Kimberly Scott (born 1986 in Landover, Maryland) is an American R&B singer. She first performed in public when she was five years old and won the amateur-night contest five times at the Apollo Theater. After opening up for R&B group Immature, Kimberly got a record deal at the age of eleven. In early 1998, Kimberly's first single "Tuck Me In" became her biggest hit to date, peaking at #58 on the Billboard Hot 100 and #21 on Billboard's Hot R&B\Hip-Hop Singles & Tracks chart. Her self-titled debut album, released by Columbia Records in 1998, peaked at #95 on Billboard's Top R&B\Hip-Hop Albums chart.

In 1997, she also collaborated with Taiwanese singer Harlem Yu in a remake of the Barbara Mason's classic song "Yes, I'm Ready", which was included in Harlem Yu's English cover album Harlem Music Television.
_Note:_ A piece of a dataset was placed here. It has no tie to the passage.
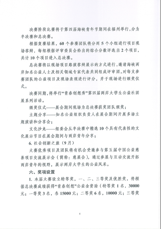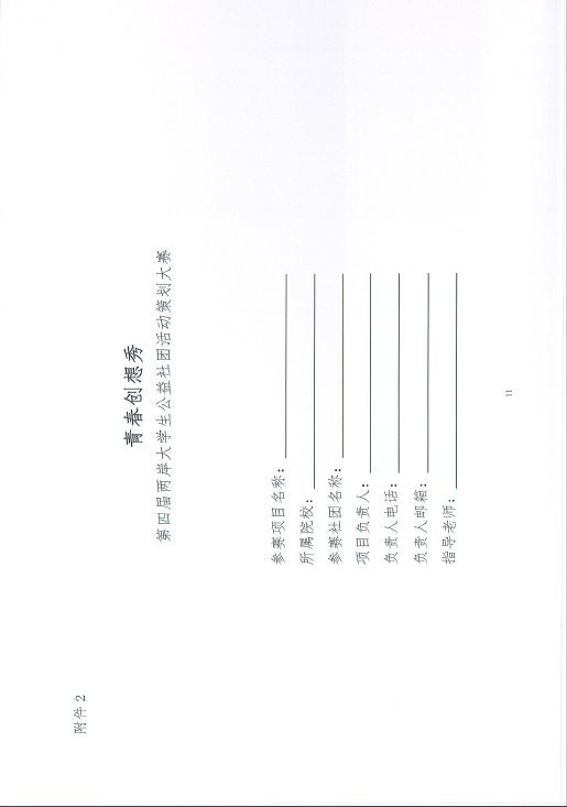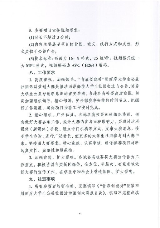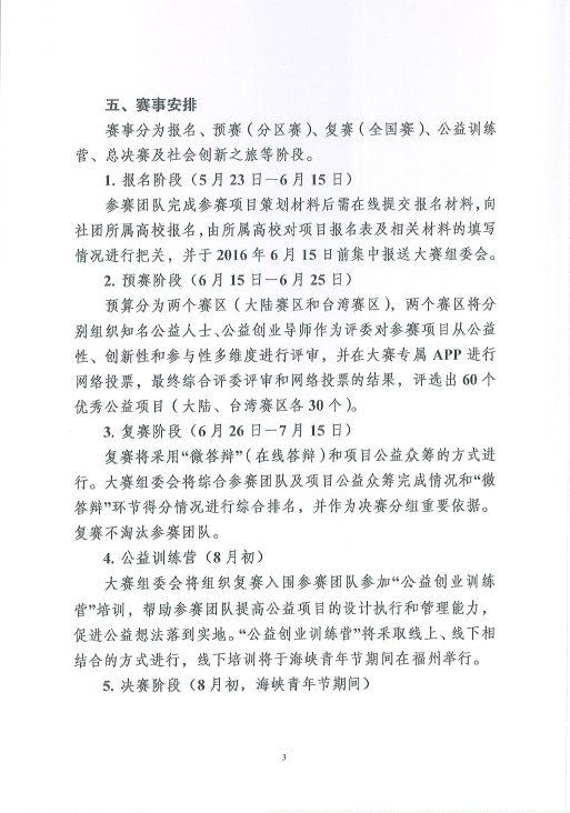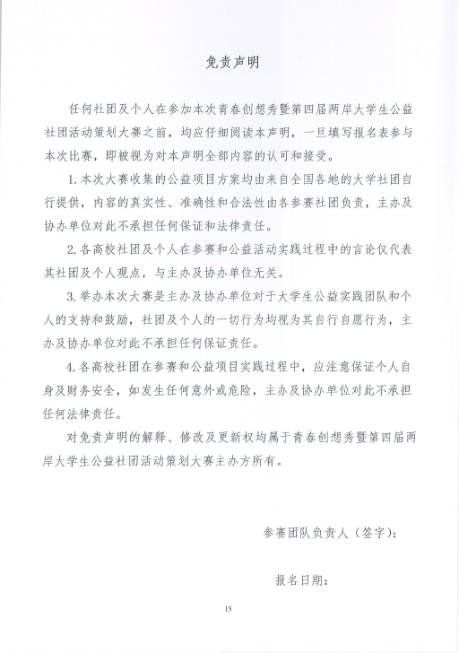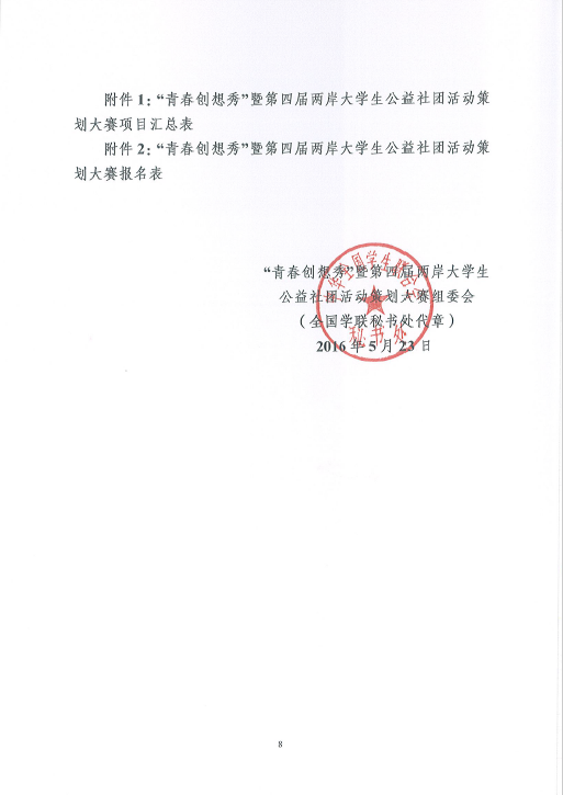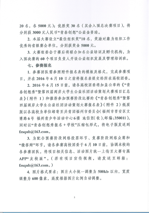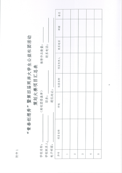 为进一步推动两岸高校大学生社团的交流与互动,培育与扶持两岸优秀公益创客,搭建公益项目与资源的对接平台,为优秀公益项目提供资金支持和专业辅导,激励两岸青年大学生在公益实践中交流合作、共同成长,根据《关于举办“青春创想秀”暨第四届两岸大学生公益社团活动策划大赛的通知》的要求,现将通知转发给你们。请有报名意向的社团认真填写报名所需的项目报名表及相关材料,并于2016年6月8日前集中报送至校团委社团文体部(主楼313),电子版发送至847184148@qq.com(邮件注明:公益社团)。

In 2002, she released her second album Y'all Ain't Ready on the independent label The Cipher. As of 2010, she is living in Washington, DC with her twin sons and is a Lead Mic of the band Love District. She has also started her own label, K.I.M. Productions, and is at work on her third studio album.

==Discography==

===Albums===
- Kimberly Scott (1998)
- Y'all Ain't Ready (2002)

===Singles===
- Tuck Me In (1997)
- Don't Leave Me Alone (1998)
- Get Krunked (2002)
- Shake Down (2002)

===Collaboration===
- "Yes, I'm Ready" (1997) (duet with Harlem Yu)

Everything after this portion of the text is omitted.